По городу ездили машины, поливали асфальт и тротуары. Милиционеры ходили в респираторах. Был теплый выходной день, на улицах было много свадеб, женщины катили коляски, по тротуарам бегали дети. О том, что случилось, Сережа узнал от родственника.
— По дороге обратно я встретил кума Игоря, — вспоминает Сергей, — он работал на строительстве пятого и шестого энергоблока, в момент взрыва был метрах в пятистах от реактора. Игорь мне все рассказал. Их вагончик-раздевалка был под четвертым блоком, позже мы узнаем, что дедушка, который его охранял, умер.
Сергей примчался домой, бросил велосипед в подъезде. Разделся, сложил вещи в таз, сам пошел в ванну. Наказал Оксане сшить детям толстые марлевые повязки — она сначала не верила, что произошел взрыв. Соседка, врач-онколог, объяснила, что нужно быстро пропылесосить и сделать влажную уборку.
— Стояла такая жара, батареи жарили вовсю, — рассказывает Сергей. — Я залез на чердак, перекрыл вентили. С крыши девятиэтажки все видно как на ладони. Из развалин реактора шел легкий дымок. Это было похоже на потухший костер.
Прибежали волонтеры из городской администрации, стали разносить по квартирам йодные таблетки. Оксане отсыпали горстку и попросили разнести по всему этажу.
— А я смотрю на эту горсточку, — рассказывает она, — их так мало, я говорю: «А детям?», мне отвечают: «А детям в понедельник в садике дадут». Я посидела, подумала: дадут — не дадут, уж лучше я дам. И когда стучала в квартиры, разносила эти таблетки, говорила, что произошла авария, а соседи на меня смотрели, крутили пальцем у виска и закрывали дверь. Никто не верил и не понимал масштабы бедствия.

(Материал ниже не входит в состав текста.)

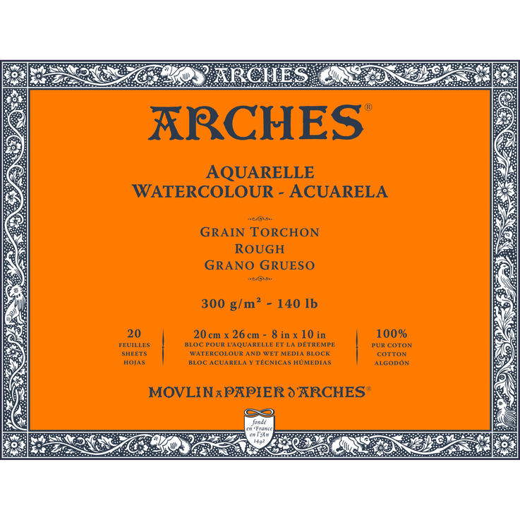 Arches Watercolor Blocks are full of 100% cotton paper of the highest quality that has been glued on all 4 sides. The convenience of painting on a block eliminates the need for stretching, so the paper is ready to use. Simply paint directly on the block and let the paper dry before removing. Each Arches block contains durable acid-free, pH-neutral, and air-dried paper which has been sized to the core with natural gelatin sizing.

Вечером Сергей и Оксана снова полезли смотреть на реактор. От него исходило алое свечение, в разные стороны летели искры, как от бенгальских огней.
— Пришла ночь, — рассказывает Оксана. — По телевизору показывали «Собаку Баскервилей», а мы сидим и не знаем, что делать. Неизвестность пугала. У нас двое детей — Соне не было пяти, Илье — семь лет. Непонятно было, как это на них скажется.
На следующий день полетели вертолеты с мешками песка. А еще через день жителям объявили, что их эвакуируют в лес, нужно взять с собой теплые вещи, документы и еду.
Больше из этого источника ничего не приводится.